By Jahangir Magray
Once upon a time, the inhabitants of the saffron town, Pampore and adjoining areas, used to exult in joy on the approaching winter. The portents for this unalloyed joy were the beginning of this season marked, as it was, by the growth and harvesting of saffron flowers. Most of the people who dwell in this part of the globe depend on this type of agriculture and it is a proud privilege for them to produce the finest quality saffron which is famous for its colour and flavour all over the world.
The saffron flower blooms in late October every year but before it needs proper toiling. As the month of April approaches, digging tools such as hooves, and carving chisels, axes and honing rods are kept handy. The hooves are sent for forging to make them sharp enough to cut rock like soil. Same things get repeated in the month of June and September. Thus, the land is dug thrice a year. In the month of September, the saffron corms are transferred from old to new land which is kept ready to receive the same. But, unfortunately, we have witnessed a serious downfall in its production from about a decade now.( Its production is dwindling year after year).
The factors which are responsible for this decline are many but I want to highlight two of these:
The first and biggest reason is the major change in climatic conditions. Saffron grows in Karewa soils which should be blanketed by snow during winters besides it needs rains regularly. Since both these were seriously affected by the climatic conditions; it derailed its normal phase and cycle. The saffron fields should get completely drenched with rains immediately after the harvesting season and , if it happens, the corms next year would be bigger in size due to moisture present in them and, in turn, the production would be very high.
Second is the policy adopted by the government of India , especially “The National Saffron Mission”. It was launched by the then P.M. of India Dr.
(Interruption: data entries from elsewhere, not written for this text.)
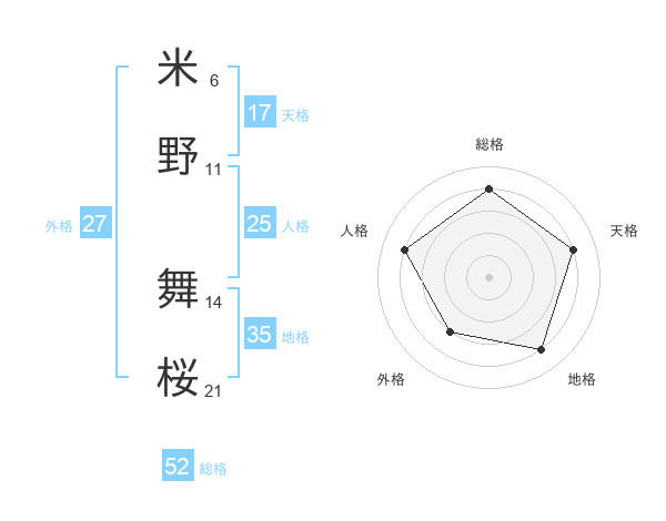 米野 舞桜さんを姓名の画数から五運を鑑定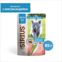 SIRIUS — влажный корм премиум-класса для полноценного ежедневного рациона котят с 1-2-х месяцев до 1 года.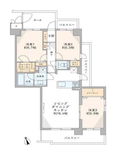 - 間取り3LDK+WIC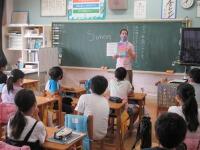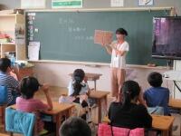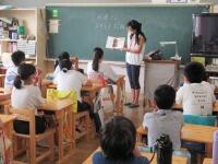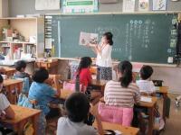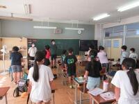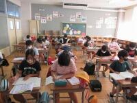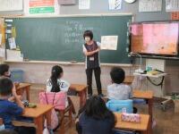 これまでは、机を教室の後ろに寄せてボランティアさんのまわりに集まってお話を聴いていましたが、再開にあたって「密」をさけるため児童は自分の席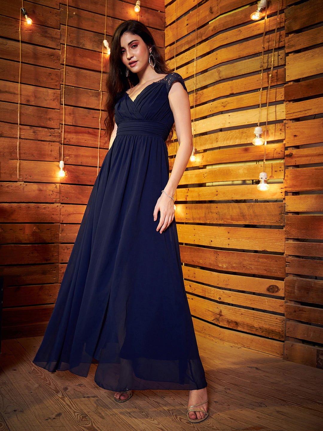 Elevate your style with this Solid Navy Blue Sweetheart Neck Lace-Up Thigh-High Slit Flared Maxi Dress from Berrylush, a perfect blend of comfort and fashion. The most loved element of this dress is its sweetheart neckline which gives your neck an adorable and romantic definition. Detailed with a woven weave to lend this dress shape retention features with a low requirement of maintenance. Moreover, the lace-up surface styling gives this dress a modest and contemporary style statement. Walk on the city streets looking gorgeous by wearing it with black high heels, pearl earrings, and stylish handbags.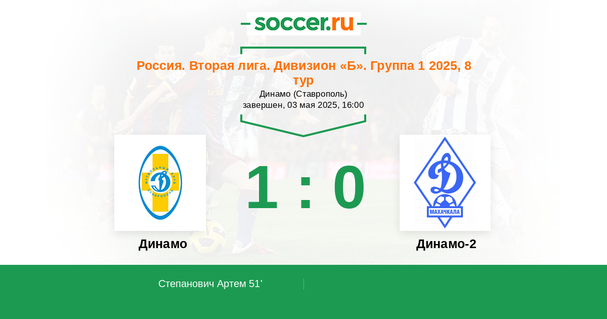Протокол матча Динамо Ставрополь против Динамо-2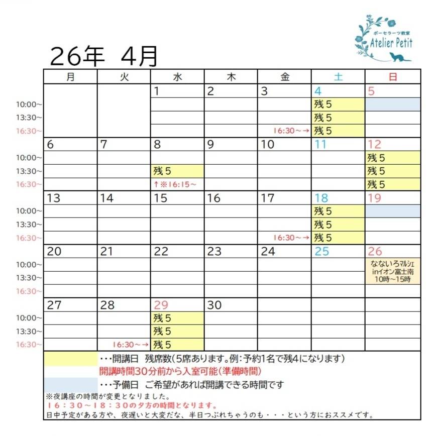 [受付時間]9:30 ~ 14:00(開講時間は16:00まで) / [ご予約]お問い合わせページのカレンダーをご覧ください。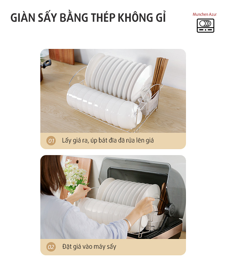 Giàn sấy của máy sấy bát Munchen Azur được làm bằng thép không gỉ, có thể dễ dàng tháo dỡ khỏi máy và lắp đặt lại máy rất tiện dụng.
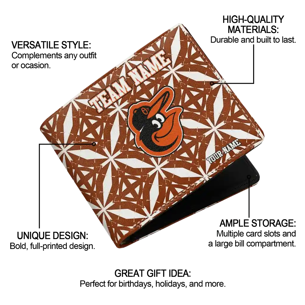 Baltimore Orioles Wallet – Personalized Geometric Star Orange White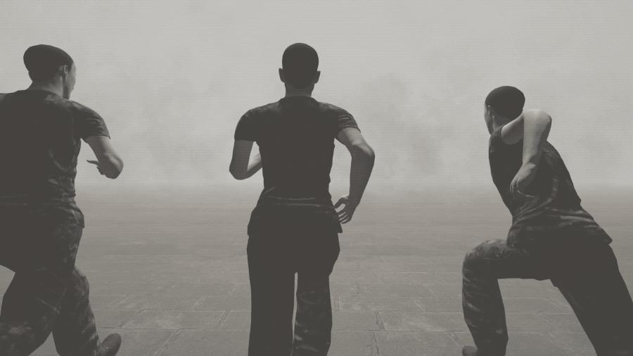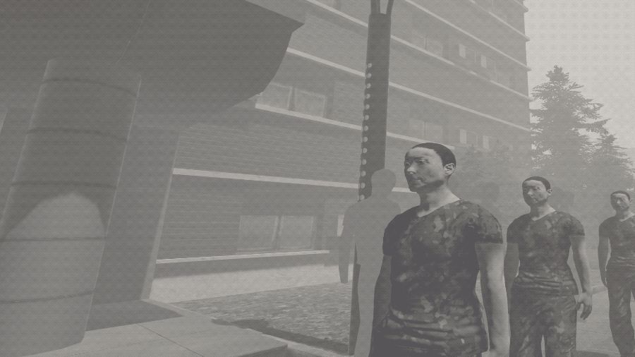 探索楼层之后,“你”会跟着列队跑去操场,基地里早晚都有这样的操练。在这时,所有人都又有了面孔。“你”回头看见,是十几张一模一样的脸。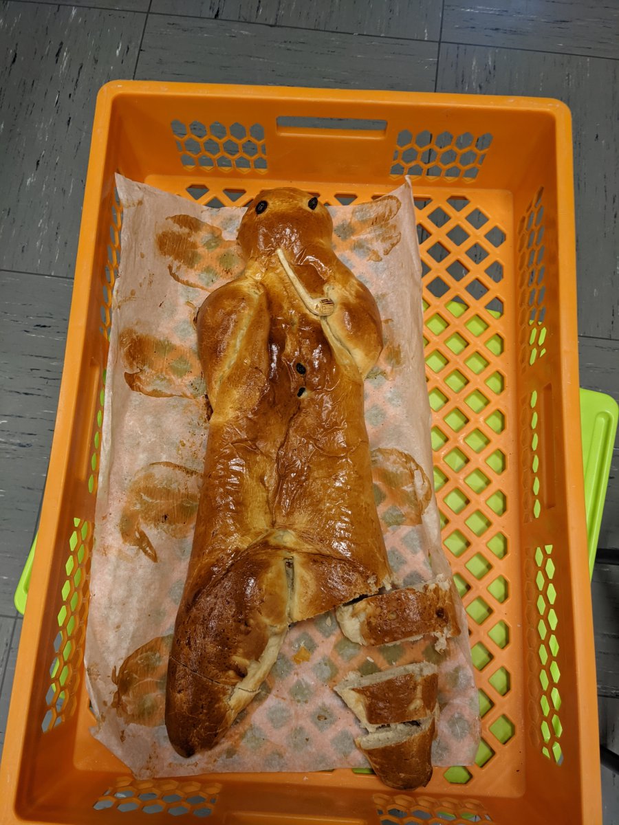 Als wir in der Schule ankamen hat jede Klasse einen Riesen-Weckmann bekommen. Den haben wir uns dann in der Klasse geteilt. Der war seeeehr lecker.

Manmohan Singh way back in 2010 and the scheme’s main motive was to provide some financial assistance to farmers so that they could maintain their crop with modern techniques. It provided 25000 rupees( later reduced to 20000) for 1 kanal of land to sow saffron corms. But, the scheme fell in wrong hands. To my knowledge, every farmer huffed at the scheme few years later the scheme was launched. It suffered many flaws as people dug corms out of the land and sowed them to unploughed lands which otherwise should have been ploughed for about a year.
The other small factors that I also want to bring these into limelight include: irregular use of fertilizers, improper ploughing , use of substandard and diseased corms, unscientific methods of sowing seeds, and above all the heedless government which does not pay any attention toward this important cash crop as well as our heritage which finds its origin in Iran.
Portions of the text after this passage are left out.